The last subject that I'll touch upon tonight is one that I don't discuss often, at least not openly, but something that I still feel very strongly about. As some of you may know, I was once an avid World of Warcraft player. My first foray into this little gem of an MMO took place in early 2006, when the "World" was a much different place and the concept of an MMORPG was still generally regarded as "uncool" to the public eye. But to me, it was something to help cope with my lack of social graces, something to dedicate my time and devotion into. Over time I watched the game grow, expand, evolve, as did I. As asinine as this may sound, one of my biggest regrets in life is a decision that I made regarding this very game.

I was never the cream of the crop when it came to my standing in the game, but I was pretty high up there. I had raiding experience in almost every end-game raid in both vanilla WoW and BC, from ZG to MC to Karazhan to SWP, and the pinnacle of my gear progression was a mix of T5 and T6 gear. For most of my WoW-career, I had been in mid- to high-end raiding guilds on my server (Edict of Pain, Mustang Gang, Reckless Hate - Horde, Kil'Jaeden US). In the fall of 2007, I was presented with an opportunity to join the #3 Horde guild on the server, Sigil, an offer which I had turned down due to my desire to spend more time out and about rather than in front of a computer screen. Unfortunately for me, my social life only deteriorated after I had turned down the offer, and by the time I had come back to the game, it was too late.

Sigil eventually disbanded, but not before progressing and defeating nearly all of what BC had to offer. Many ex-Sigil members, including Ambient, one of the most revered Warriors on the entire server, moved on to join a guild called Cuties Only, which my close friends Text and Gouryella/Cashnprizes also eventually joined. I've been away from the game for a very, very long period of time, but I never forget a name. I hopped onto MMO-Champion.com earlier this evening to find a video of Cuties Only tackling on Icecrown Citadel on the PTRs. It turns out that Cuties Only is now one of the best guilds in the entire world. And to think, I could be in that guild at this very moment, making world firsts and being adorned worldwide as one of the best Warriors to play the game.

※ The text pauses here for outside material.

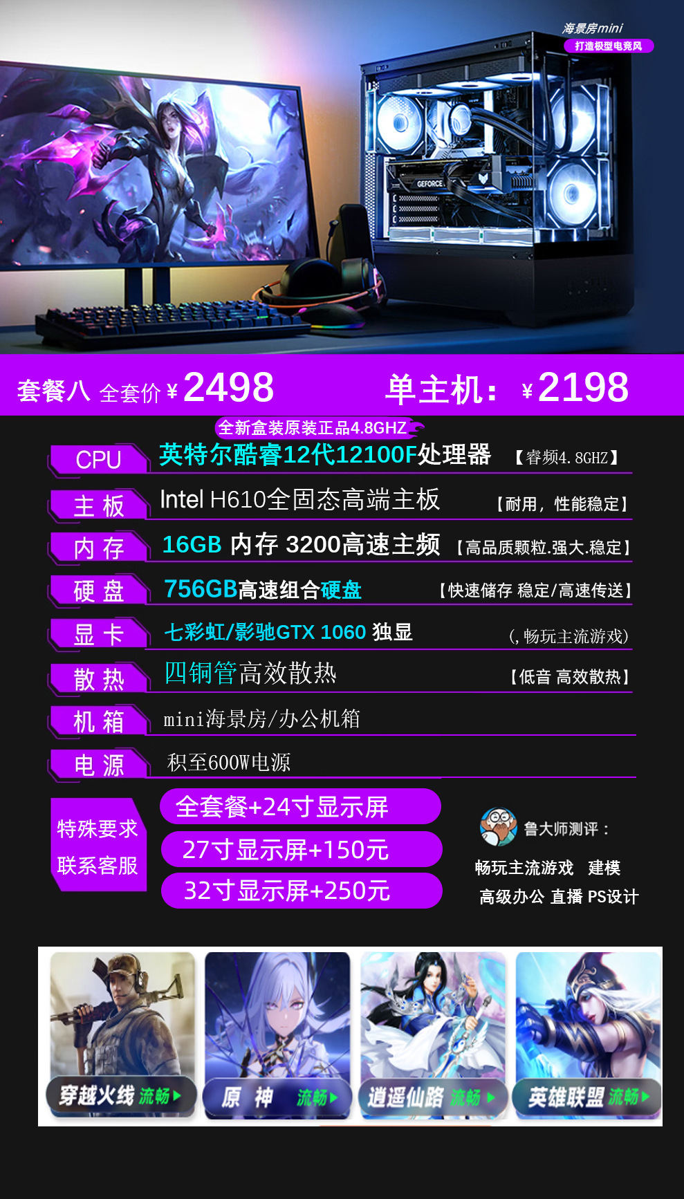 Набор из восьми одиночных хостов [12-е поколение/редактирование GTX1060/League of Legends/дизайн]

Was my decision the right choice? I'd say so. Time away from the game has given me a lot of time to mature, both mentally and physically, and allowed me to become more outgoing and adventurous. There are still times when I sit and ponder where I would be today had I stuck to my commitments, but no matter how far my fascinations extend, pixels and guildmates will never compare to those who I am blessed to be with every day, in mind and spirit. (Still, I wish I could say that I had a full set of T9 right now.)

After a long day of looking in the rear-view mirror, I honestly have to say that I miss Junior year, at least to some extent, but I also know that nothing can stay broken forever, and that whatever good and positive that was once present can always be fixed, repaired, built up stronger and better than before. Everyone has their doubts and worries, but in the end, my eagerness and optimism outshine all.



Thanks to those who are taking the time to read what I write, even though a lot of times, not everything will make sense, as I use Blogspot as my own personal space to clear my thoughts and feelings. Thanks again to those who keep up with my life, I'll be sure to do my best to repay the favor.



And just because it doesn't feel right to end my blog that way, one more thing:


I feel fantastic, I'm feeling fine.

P.S. I'm also out of tissues. What the hell!